Mrs. Hattie Hickman testified that she was standing in the yard of her home, which is located about 2½ miles southeast of the scene of the accident, when her attention was directed to an airplane which was flying much lower than such airplanes usually flew near her home. She stated that the plane was going ​ northwest toward Short Hill which at that time was covered by a dark storm cloud. Shortly thereafter she went to the house and while inside, she heard an unusual noise. She was unable to identify the noise precisely, stating that it "sounded like an old truck". The witness testified that about 10 or 15 minutes after the airplane passed over, an unusually heavy rainstorm began but that there was not much wind and she heard only one clap of thunder.

Subsequent to the hearing, the Board's investigators again questioned Mrs. Hickman and in the manner described in Footnote 7 assisted her in estimating the elapsed time between the various events recounted in her testimony. According to her statement she saw the airplane, saw lightning, heard thunder and then this unusual noise. The time recorded was 50 seconds between the sight of the airplane and the lighting, 4 seconds between the lighting and the thunder, and 12 seconds between the thunder and the unusual noise.

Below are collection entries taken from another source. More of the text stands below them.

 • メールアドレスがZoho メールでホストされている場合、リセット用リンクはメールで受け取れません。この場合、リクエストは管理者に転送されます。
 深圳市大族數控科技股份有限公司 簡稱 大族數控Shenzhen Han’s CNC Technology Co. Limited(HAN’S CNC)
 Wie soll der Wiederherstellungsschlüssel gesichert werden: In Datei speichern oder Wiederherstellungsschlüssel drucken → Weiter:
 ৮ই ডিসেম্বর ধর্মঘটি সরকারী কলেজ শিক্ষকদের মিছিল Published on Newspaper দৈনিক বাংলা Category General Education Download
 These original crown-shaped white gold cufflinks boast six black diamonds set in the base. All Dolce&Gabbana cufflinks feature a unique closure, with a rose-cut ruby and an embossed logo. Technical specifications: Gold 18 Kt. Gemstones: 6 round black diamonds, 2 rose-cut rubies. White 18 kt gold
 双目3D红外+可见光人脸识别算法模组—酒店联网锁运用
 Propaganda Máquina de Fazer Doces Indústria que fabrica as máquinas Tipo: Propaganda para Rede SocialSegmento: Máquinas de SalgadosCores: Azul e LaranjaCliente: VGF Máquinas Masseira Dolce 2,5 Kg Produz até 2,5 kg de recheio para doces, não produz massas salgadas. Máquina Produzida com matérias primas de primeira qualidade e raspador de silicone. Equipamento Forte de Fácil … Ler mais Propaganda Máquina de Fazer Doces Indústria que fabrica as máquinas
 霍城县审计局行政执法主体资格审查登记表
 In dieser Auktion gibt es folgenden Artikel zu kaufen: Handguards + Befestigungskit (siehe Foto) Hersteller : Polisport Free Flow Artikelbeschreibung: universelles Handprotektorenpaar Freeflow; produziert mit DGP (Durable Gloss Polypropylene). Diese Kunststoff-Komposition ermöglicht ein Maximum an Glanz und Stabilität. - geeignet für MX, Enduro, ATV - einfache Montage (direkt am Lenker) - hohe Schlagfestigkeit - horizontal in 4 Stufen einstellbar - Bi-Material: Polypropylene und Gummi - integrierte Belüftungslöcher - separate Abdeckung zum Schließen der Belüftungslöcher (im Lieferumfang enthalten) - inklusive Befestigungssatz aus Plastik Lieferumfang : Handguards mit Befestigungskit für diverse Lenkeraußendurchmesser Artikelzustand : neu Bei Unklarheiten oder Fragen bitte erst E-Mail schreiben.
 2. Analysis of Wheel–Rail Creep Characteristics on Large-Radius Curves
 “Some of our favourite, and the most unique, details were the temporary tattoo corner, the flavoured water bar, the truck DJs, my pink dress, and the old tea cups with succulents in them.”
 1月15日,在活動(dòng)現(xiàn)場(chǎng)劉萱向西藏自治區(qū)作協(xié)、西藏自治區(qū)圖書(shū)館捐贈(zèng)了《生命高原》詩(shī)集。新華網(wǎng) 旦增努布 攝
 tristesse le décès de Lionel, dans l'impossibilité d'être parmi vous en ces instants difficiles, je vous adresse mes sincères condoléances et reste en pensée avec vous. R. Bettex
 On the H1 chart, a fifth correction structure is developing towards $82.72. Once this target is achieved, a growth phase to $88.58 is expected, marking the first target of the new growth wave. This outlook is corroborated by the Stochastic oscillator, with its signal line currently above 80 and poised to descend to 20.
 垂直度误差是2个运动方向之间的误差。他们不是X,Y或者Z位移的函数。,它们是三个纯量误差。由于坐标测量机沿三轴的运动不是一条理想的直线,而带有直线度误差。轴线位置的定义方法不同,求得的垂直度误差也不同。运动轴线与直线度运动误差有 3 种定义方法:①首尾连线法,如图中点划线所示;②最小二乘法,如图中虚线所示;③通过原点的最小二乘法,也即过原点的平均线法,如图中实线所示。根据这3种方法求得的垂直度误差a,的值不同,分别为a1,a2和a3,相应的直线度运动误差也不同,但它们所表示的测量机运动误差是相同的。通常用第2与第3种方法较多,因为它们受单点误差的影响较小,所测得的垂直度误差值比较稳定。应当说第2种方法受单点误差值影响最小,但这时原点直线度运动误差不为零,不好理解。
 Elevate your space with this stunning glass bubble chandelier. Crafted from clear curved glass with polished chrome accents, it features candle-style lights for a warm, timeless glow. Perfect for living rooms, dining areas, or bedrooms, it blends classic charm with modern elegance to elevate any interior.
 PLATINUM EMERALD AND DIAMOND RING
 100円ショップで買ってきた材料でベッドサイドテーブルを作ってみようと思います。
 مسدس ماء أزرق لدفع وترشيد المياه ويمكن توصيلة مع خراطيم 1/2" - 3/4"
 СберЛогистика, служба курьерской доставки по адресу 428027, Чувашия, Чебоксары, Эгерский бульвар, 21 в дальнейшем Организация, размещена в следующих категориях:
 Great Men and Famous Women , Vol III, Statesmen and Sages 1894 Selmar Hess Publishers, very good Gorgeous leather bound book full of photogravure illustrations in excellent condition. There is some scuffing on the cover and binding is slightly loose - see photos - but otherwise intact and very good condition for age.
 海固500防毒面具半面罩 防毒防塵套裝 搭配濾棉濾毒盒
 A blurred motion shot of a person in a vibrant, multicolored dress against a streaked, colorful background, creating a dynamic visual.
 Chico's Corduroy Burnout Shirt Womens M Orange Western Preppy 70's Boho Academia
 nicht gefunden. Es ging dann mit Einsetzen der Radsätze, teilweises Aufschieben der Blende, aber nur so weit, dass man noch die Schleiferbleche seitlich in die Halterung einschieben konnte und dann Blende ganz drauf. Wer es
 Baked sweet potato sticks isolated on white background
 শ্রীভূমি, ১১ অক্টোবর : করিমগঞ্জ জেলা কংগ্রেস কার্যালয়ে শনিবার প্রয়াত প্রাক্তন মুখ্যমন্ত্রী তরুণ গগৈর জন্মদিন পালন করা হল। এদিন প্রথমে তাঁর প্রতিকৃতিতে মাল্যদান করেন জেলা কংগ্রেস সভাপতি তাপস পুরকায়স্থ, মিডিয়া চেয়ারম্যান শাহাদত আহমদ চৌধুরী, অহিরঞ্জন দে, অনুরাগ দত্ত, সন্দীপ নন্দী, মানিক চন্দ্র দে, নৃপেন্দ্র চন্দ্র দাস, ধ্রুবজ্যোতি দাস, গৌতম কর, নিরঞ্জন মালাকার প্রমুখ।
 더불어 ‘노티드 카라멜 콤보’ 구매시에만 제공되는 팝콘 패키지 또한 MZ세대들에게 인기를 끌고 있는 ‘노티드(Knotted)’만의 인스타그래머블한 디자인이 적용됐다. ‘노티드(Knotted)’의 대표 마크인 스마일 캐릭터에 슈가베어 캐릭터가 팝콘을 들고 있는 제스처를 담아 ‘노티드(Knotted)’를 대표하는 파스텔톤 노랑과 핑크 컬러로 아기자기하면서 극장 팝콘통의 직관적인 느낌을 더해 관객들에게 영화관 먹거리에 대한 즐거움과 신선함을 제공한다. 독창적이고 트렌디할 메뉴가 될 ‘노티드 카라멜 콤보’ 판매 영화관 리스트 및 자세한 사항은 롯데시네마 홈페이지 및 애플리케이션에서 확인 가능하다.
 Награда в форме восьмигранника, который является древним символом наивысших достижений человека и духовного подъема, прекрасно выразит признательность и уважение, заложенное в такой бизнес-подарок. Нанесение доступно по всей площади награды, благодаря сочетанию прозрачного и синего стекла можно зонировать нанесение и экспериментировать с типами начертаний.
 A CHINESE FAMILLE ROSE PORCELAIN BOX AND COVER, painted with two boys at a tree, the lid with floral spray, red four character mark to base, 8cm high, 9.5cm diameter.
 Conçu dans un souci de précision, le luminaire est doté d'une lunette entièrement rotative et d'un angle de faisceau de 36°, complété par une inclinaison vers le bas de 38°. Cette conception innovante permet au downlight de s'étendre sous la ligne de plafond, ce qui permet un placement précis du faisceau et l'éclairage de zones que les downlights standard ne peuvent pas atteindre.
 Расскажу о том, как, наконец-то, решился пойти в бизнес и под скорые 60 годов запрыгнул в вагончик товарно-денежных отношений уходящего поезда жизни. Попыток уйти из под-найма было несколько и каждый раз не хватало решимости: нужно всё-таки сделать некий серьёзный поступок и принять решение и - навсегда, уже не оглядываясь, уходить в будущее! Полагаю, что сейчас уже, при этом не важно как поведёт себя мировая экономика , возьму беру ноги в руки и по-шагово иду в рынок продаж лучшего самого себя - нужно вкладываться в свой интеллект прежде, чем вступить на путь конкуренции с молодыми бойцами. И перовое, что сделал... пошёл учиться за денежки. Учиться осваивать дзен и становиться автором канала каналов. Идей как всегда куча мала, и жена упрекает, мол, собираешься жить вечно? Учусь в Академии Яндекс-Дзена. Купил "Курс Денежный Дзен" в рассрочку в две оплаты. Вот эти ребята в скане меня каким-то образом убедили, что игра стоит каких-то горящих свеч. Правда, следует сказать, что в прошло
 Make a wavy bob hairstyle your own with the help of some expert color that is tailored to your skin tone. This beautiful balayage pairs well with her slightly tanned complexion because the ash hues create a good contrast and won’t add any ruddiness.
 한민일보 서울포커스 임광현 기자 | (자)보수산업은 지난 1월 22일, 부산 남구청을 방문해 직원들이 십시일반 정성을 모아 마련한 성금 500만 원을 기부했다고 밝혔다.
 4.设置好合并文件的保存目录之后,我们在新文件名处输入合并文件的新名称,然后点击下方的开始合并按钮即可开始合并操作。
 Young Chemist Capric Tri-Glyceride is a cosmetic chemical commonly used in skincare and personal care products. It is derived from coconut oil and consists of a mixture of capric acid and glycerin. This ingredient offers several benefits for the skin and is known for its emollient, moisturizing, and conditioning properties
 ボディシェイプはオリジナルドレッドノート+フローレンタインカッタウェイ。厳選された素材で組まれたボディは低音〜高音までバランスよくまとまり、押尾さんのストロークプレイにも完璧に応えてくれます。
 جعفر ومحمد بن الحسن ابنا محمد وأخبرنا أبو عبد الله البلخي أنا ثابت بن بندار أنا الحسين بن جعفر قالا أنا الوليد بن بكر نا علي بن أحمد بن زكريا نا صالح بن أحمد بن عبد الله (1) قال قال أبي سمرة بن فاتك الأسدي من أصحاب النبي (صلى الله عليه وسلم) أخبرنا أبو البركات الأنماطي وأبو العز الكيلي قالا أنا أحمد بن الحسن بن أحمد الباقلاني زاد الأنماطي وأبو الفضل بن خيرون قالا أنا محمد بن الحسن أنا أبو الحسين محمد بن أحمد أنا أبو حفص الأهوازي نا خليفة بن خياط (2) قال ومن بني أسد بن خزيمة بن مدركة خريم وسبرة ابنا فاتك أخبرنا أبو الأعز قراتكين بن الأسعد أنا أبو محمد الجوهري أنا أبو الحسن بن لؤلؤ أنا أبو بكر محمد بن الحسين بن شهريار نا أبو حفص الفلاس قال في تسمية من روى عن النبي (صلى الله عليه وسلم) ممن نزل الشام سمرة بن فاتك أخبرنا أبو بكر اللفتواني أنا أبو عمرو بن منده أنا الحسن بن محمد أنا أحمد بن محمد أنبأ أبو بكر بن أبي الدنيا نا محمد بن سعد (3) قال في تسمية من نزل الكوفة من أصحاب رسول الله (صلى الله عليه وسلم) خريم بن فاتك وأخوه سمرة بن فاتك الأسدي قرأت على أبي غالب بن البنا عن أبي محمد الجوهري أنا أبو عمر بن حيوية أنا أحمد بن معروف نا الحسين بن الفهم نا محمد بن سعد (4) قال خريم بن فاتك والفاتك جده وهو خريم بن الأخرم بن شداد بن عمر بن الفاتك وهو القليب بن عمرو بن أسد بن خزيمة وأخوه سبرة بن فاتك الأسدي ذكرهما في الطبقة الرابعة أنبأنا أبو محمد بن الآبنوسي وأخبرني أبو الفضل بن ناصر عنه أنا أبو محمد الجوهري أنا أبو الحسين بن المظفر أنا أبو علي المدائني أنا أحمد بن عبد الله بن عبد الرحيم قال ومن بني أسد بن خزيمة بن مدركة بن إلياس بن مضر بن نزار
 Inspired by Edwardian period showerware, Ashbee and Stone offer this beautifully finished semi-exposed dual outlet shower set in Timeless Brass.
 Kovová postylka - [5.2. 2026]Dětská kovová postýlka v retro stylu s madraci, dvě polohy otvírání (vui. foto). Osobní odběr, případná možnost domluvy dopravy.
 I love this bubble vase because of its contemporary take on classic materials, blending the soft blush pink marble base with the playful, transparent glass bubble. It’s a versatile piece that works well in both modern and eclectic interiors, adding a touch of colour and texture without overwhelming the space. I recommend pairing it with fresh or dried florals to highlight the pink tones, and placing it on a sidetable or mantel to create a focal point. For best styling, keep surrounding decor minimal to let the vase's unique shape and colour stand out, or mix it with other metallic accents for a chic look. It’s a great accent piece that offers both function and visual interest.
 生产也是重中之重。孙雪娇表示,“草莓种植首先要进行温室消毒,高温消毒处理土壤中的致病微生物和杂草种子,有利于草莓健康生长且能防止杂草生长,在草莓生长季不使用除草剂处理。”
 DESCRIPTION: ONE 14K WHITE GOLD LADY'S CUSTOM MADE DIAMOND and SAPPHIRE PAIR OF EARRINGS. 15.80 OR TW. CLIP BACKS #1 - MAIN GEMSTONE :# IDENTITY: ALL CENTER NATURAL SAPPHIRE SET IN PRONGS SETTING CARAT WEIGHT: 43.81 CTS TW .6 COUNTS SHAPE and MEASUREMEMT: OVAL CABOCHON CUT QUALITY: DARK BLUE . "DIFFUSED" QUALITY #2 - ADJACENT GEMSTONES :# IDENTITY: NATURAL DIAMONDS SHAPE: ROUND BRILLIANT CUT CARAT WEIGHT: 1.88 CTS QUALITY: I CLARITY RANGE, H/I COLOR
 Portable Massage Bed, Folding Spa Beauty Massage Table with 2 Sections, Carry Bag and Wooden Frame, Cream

The point at which Mrs. Hickman said she saw the airplane was at an angle of 36 degrees above the horizontal on a bearing of 301 degrees magnetic.

H. O. Vincell testified that he was sitting on the front porch of his home, which is located about 2½ miles southeast of the scene of the accident when his attention was drawn to a large airplane flying "a little lower than common." He stated that he watched the airplane proceed toward Short Hill which was then obscured by a dark storm cloud until it "disappeared into a fog". Shortly thereafter he saw a "pretty sharp" stroke of lightning, heard thunder, and then a "devil of a noise" which he later described as a crash. Thinking that the airplane was going to fall on his house, Mr. Vincell ran out into the yard. Testifying with respect to the weather at this time, he stated that it was overcast at his home with a dark cloud hanging over Short Hill. The Hill was "white with fog". Mr. Vincell stated that a heavy rain started about five or ten minutes after he saw the airplane.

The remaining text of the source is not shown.